La mujer parpadeó con sus ojos azul celeste. Parecía que la fiebre del heno o algo parecido la hubiese atacado.

– Tiene… eh… tendrá que hablar con la directora, Ruth Ann Motley.

– Muy bien. Lléveme a su despacho.

– Oh. Oh, ahora mismo está comiendo. Si quiere esperarla, volverá dentro de cuarenta y cinco minutos.

– Me gustaría, pero tengo que estar en Downers Grove a la una en punto. No quiero ver informes de pacientes, sólo comprobar si los informes se guardan aquí de manera confidencial. ¿Por qué no me busca el informe de un paciente? Me he traído los nombres de algunas personas que han sido admitidas aquí.

Miré dentro del maletín.

– Ah, sí. ¿Qué le parece Consuelo Hernández? No pensará usted que a la señora Motley le parecerá mal que me muestre si el sistema es seguro enseñándome el informe de un solo paciente, ¿verdad?

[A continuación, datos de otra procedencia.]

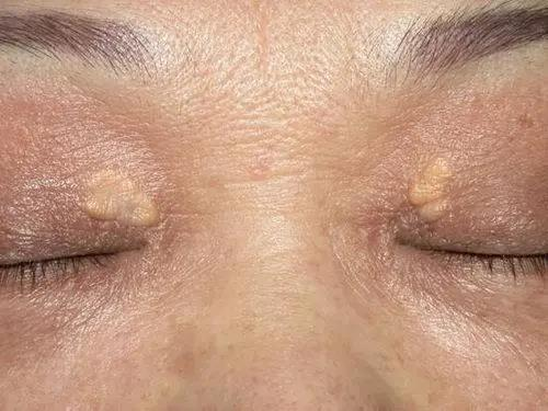 中老年人,尤其是女性,眼睑上新出现黄色、橘色或者棕红色斑块或者结节,不痛不痒,就很可能是黄色瘤。它常长在上眼睑的内眼角处,也可能出现在面部其他部位或膝盖上,针头或黄豆大小,边缘略高出皮肤表面,质地较柔软。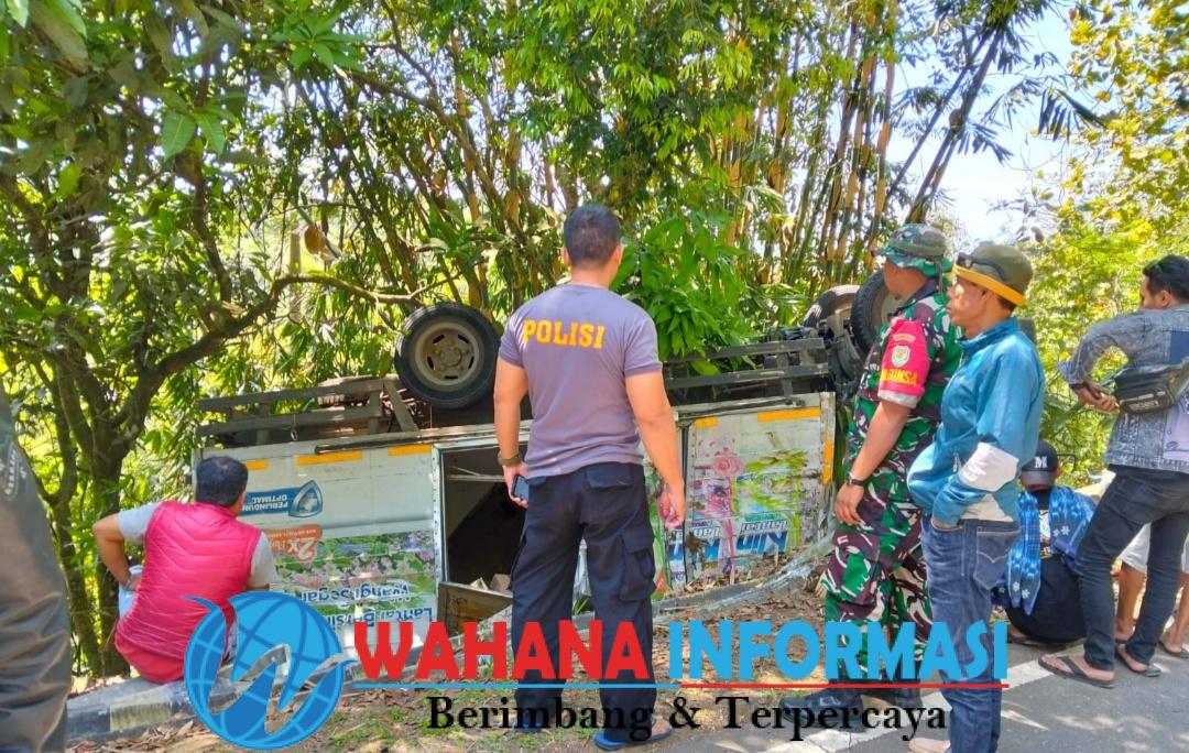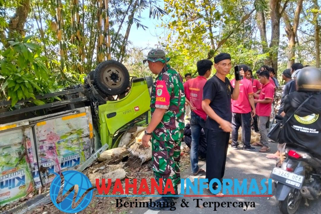Diduga Rem Blong, Mobil Box Bermuatan Barang Kelontong Terguling di Waluran
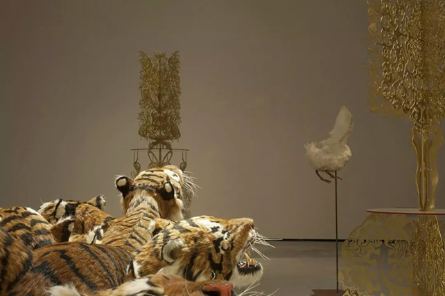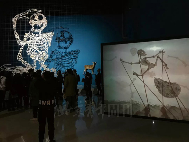 A:时代美术馆里有三四个厅我控制得比较多,大厅里因为“大骷髅架”身后阴影里边的动物显得很酷,旁边“万物”的厅效果也很好。时代美术馆是一个很标准的高大上的美术馆,牛皮的作品在展厅中特别酷,就像是迷宫一样。在威尼斯双年展的时候,参观的人太多了,像一锅煮沸的粥。回到北京每个厅都有一种让观众能沉浸进去的感觉,每个厅的气质差异也很大。
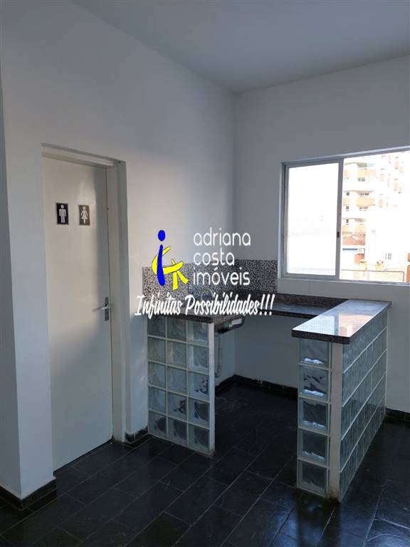 Sala comercial (sobreloja) no Centro medindo 40m2 de área interna com banheiro e mini cozinha e 55m2 de varanda com uma bela vista central. Marque já uma visita!!!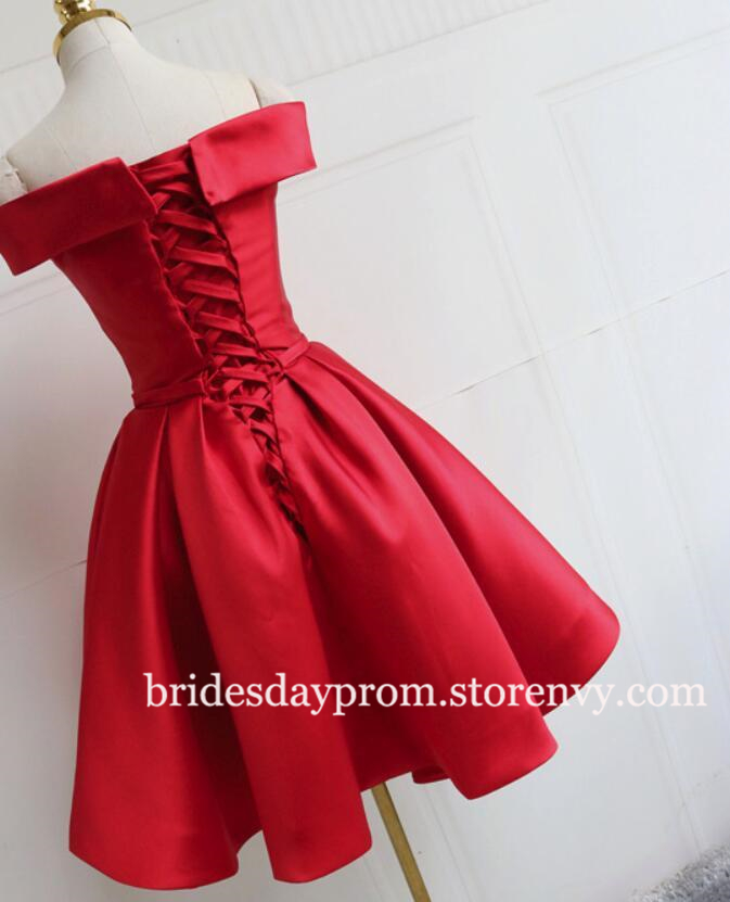 Real Photo Red Off Shoulder Pleated Satin Homecoming Dress, A Line Cocktail, Short Prom party Dress with Belt

Las dos mujeres se miraron. Finalmente, la mayor dijo:

– Supongo que no habrá inconveniente. Lo que hacemos es acceder al sistema a través de una clave, y no puedo darle la mía porque se supone que nadie debe saberla.

Me coloqué detrás de ella. Marcó algunas teclas que no se vieron en la pantalla: una clave secreta. Apareció un menú.

– Sólo puedo acceder a dos menús. Los números de los pacientes según el nombre, y la localización del archivo. ¿Puede deletrearme el nombre de la persona que está buscando?

Le deletreé el nombre de Consuelo amablemente. Ella lo escribió despacio y dio a la tecla de retorno. Tras unos segundos, empezaron a aparecer líneas en la pantalla: el nombre de Consuelo, su fecha de admisión y el número de informe: 610342. Lo memoricé y le pregunté si podía mostrarme la localización del archivo.

Marcó algunas instrucciones más y la pantalla respondió: Archivo retirado el 25-8 por la administración.

– Muchísimas gracias -sonreí. Me ha sido usted de gran ayuda, señora… -di un vistazo a la placa que estaba sobre su escritorio- Digby. No creo que tenga que volver. Puede decirle a la señora Motley que estamos impresionados por la eficacia de su sistema de seguridad.

Me fui rápidamente escaleras abajo y salí del hospital. Sólo eran las doce cuarenta y cinco. Tenía mucho tiempo por delante antes de poder seguir con mis planes, y no estaba de humor para comer. Estuve conduciendo sin rumbo durante un rato y acabé en una piscina pública. Una muy bonita, olímpica.

Me metí en uno de los centros comerciales que hay por todas partes en las afueras y compré un bañador y algunos artículos de tocador, que incluían una crema de protección total para mi cara, que aún necesitaba protegerse de los potentes rayos del sol de mediodía. Con todo aquello y el último libro-basura que cogí de la estantería de best-sellers, estaba lista para enfrentarme a una tarde en el mejor estilo de las afueras.